PSY 340 Brain and Behavior

Class 34: Lateralization of Function

   
"Right" versus "Left" Brain?
Why do humans have two sides (hemispheres) to our brain?

What might be an advantage of having two sides to the brain?

Are we the only animals with lateralization of functions? NO:

Consider the following...
Parrots prefer picking up things with their left foot.
Toads tend to attack other toads from the right but go after prey from the left.
Zebra fish are likely to look at new things with their right eye but familiar things with their left.


A. The Right and Left Hemispheres

Each side of the brain (the right and the left hemispheres) has its own work to do: processing incoming stimuli and sending out motor instructions. The work of the brain is divided between the hemispheres which communicate (as we will see below) with each other across the corpus callosum.

Lateralization: Refers to those behaviors and cognitive abilities that each hemisphere specializes in.  For example, language ability is primarily localized in the left hemisphere.

Contralateral = the other side while ipsilateral = the same side

Function
Left Hemisphere
Right Hemisphere
Muscles
Contralateral (right side)
Contralateral (left side)
Skin Receptors
Contralateral (right side)
Contralateral (left side)
Vision (Eyes)
Contralateral (Right visual field of both left and right eyes; see diagram below)
Contralateral (Left visual field of both left and right eyes; see diagram below)
Hearing (Ears)
Information from both ears, but stronger from right ear
Information from both ears, but stronger from left ear
Taste
Ipsilateral (left side of tongue)
Ispilateral (right side of tongue)
Smell
Ipsilateral (left nostril)
Ipsilateral (right side of tongue)
Trunk Muscles & Facial Muscles
Jointly controlled
B. Visual and Auditory Connections

Visual Processing.

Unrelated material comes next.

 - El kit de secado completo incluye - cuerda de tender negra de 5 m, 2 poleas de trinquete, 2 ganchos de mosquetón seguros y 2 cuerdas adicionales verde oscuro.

Our eyes are connected so that visual information from the right and left visual fields are processed on the contralateral side of the brain (see diagram below) with half the optic nerve crossing over at the optic chiasm.

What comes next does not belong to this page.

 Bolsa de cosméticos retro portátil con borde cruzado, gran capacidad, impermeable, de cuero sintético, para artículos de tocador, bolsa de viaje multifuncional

[Visual System connections]

Auditory Processing. Information from each ear is transmitted to both sides of the brain. However, each hemisphere processes the information from the opposite each with greater attention.
C. Corpus Callosum and the Split Brain Operation

Topography of Corpus CallosumThe corpus callosum is a massive set of axons which allow the two hemispheres to exchange information with one another. There are an estimated 200 million axons which cross from one side of the brain to the other in this "commissure" (a brain "commissure" is a a collection of axons which link brain areas in each hemisphere).

There are two other commissures: the anterior commissure (located below the corpus callosum near the front of the brain; contains about 3.5 million axons) and the hippocampal commissure (located below the corpus callosum near the rear of the brain).  These commissures are seen in a diagram below.

Split-Brain
            Operation1.  Severing the corpus callosum prevents the sharing of most information between the brain hemispheres.

2.  Epilepsy = Condition characterized by repeated episodes of excessive synchronized neural activity (i.e., seizure). 

The causes of epilepsy are many including brain trauma, infection, and genetic abnormalities. Most frequently, though, we do no know why someone has epilepsy. Roughly 1-2 % of the population experiences epilepsy.

YouTube Video. Video of a grand mal (tonic-clonic) seizure (1'18") of a college-age man, Josh. (Note that this is a graphic video.)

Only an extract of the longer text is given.